| 8 February 2009
Researchers unearth more of China's ancient past
In the remote village of Yangshe on the banks of the Yellow River, Chinese archaeologists are little by little bringing an ancient culture back to life after nearly 3,000 years. The vast cemetery they are excavating belonged to the rulers of the Jin state, which is finally emerging in all its remarkable diversity in what is now northern China's Shanxi Province. It is a discovery that in most countries would excite the entire scholarly community, but in China it is just one in a string of startling finds.
"We are undergoing a golden age in archaeology in China that has lasted from the late 1980s until today," said Ji Kunzhang, a leading archaeologist at the Shanxi Archaeological Research Institute who oversaw the Yangshe dig. People such as Ji are in the process of excavating major finds throughout the nation that are helping to throw new light on what is arguably the world's oldest civilization. In just one example, in eastern Anhui Province, archaeologists at an ancient tomb site have dug up what is considered China's first carved jade pig. The 88-kilogram pig dates to Neolithic times and was found with hundreds of other jade objects.
At the Yangshe dig, the outstanding feature is a large pit containing 48 chariots and 105 horses that were buried with a Jin ruler particularly noted for his military campaigns during the Western Zhou Dynasty (1120-781 BCE). The find is the largest horse and chariot pit dating from the Shang and Zhou dynasties (1600-256 BCE) so far found in China and predates the terracotta warrior tomb of China's first emperor, Qin Shihuang, by more than 600 years, Ji said.

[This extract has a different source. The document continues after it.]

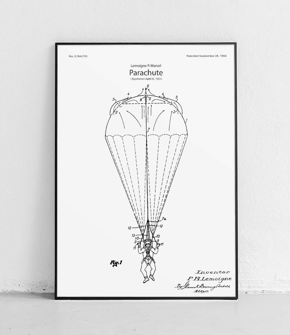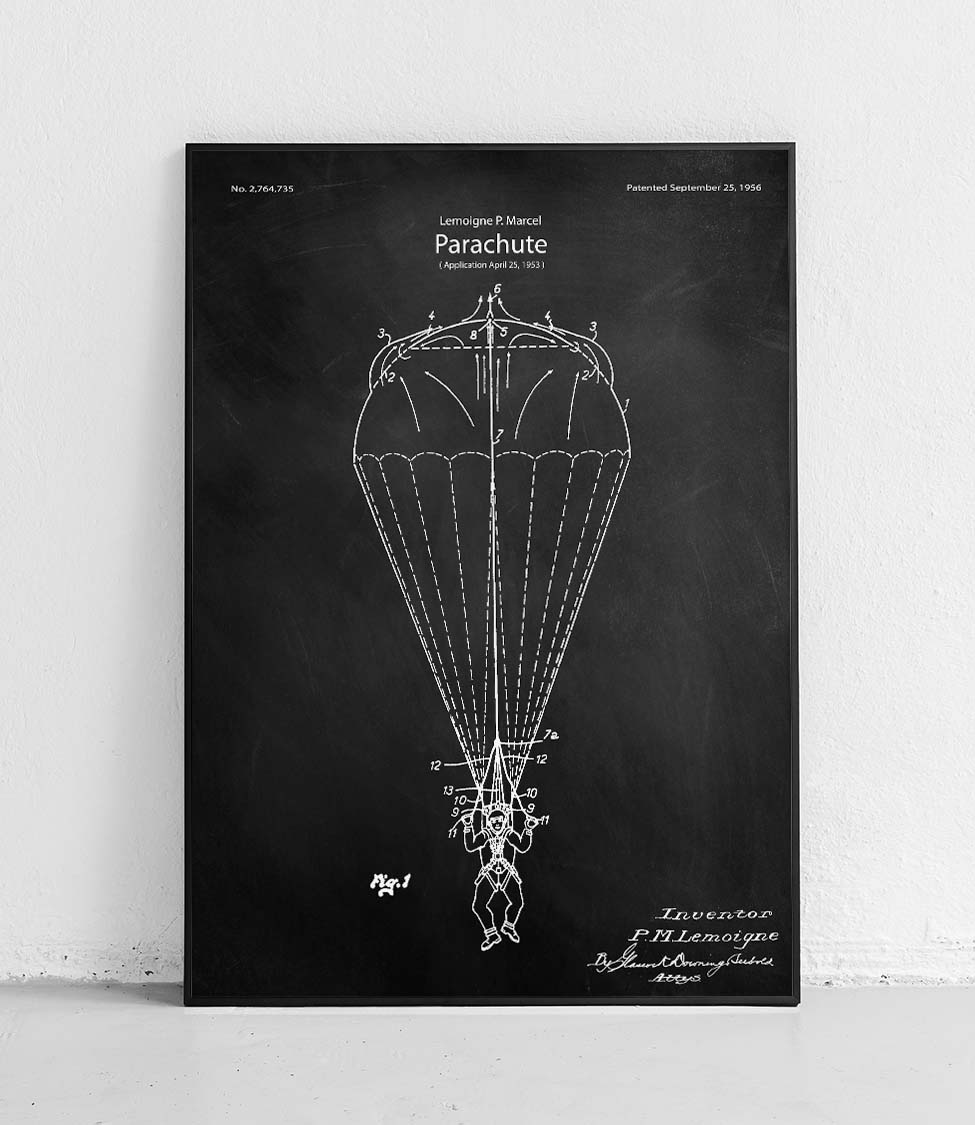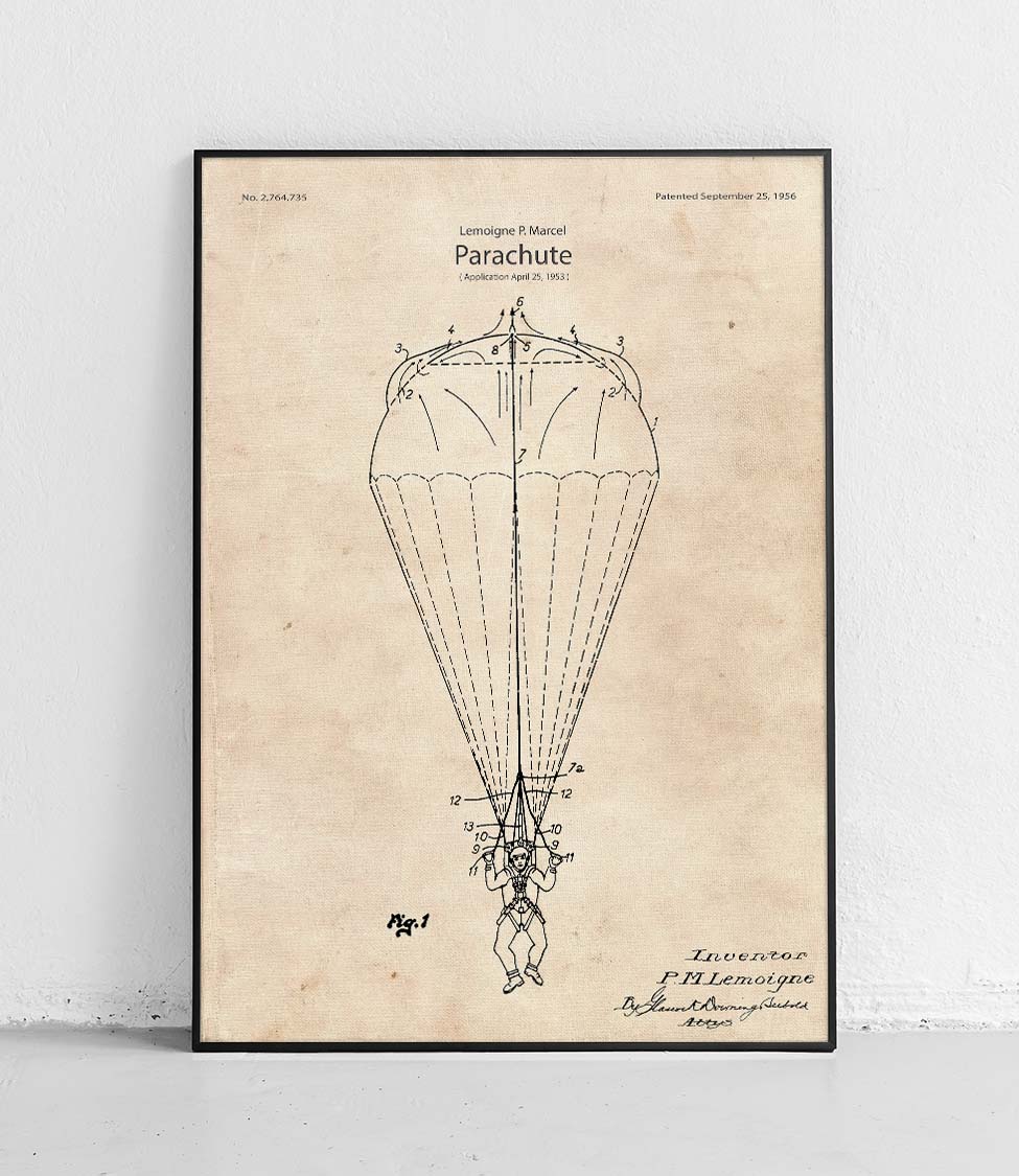 Fallschirm – ein Poster mit einem klassischen Fallschirmdesign. Perfekt für Luftfahrt- und Militärbegeisterte. Perfekte Dekoration für ein Zimmer, Büro oder einen Sportclub.

Among the finds are ceremonial carriages exquisitely painted with red lacquer and which include finely crafted doors with bronze hinges. Armoured war carriages protected by bronze plates are also among the finds. "We believe the chariots and horses were the actual cavalry used in the military campaigns of the Jin leader," Ji said. "So far we have counted at least 105 horses, which we believe were drugged and buried alive as some of their heads were erect and others had their legs bound," he added.
The Jin cemetery was first discovered in 1992, but funding for major excavations only began in 1996. Since then all 19 tombs have been excavated with the dig of the largest horse and chariot pit alone taking four years, Ji said.
Coinciding with the discoveries, archaeologists in China are seeing funding on a scale they could only have dreamt of a few years ago. "The Museum of the State of Jin, which begins construction in March, will sit on top of the horse and chariot pit and is expected to be opened by 2010," he said. The 100-million-yuan (13-million-dollar) museum will house a treasure trove of bronze and jade artifacts from all 19 tombs of the early Jin rulers and their wives. "We're getting increasing funding from the state and more and more major excavations are occurring all over the nation," said Ji.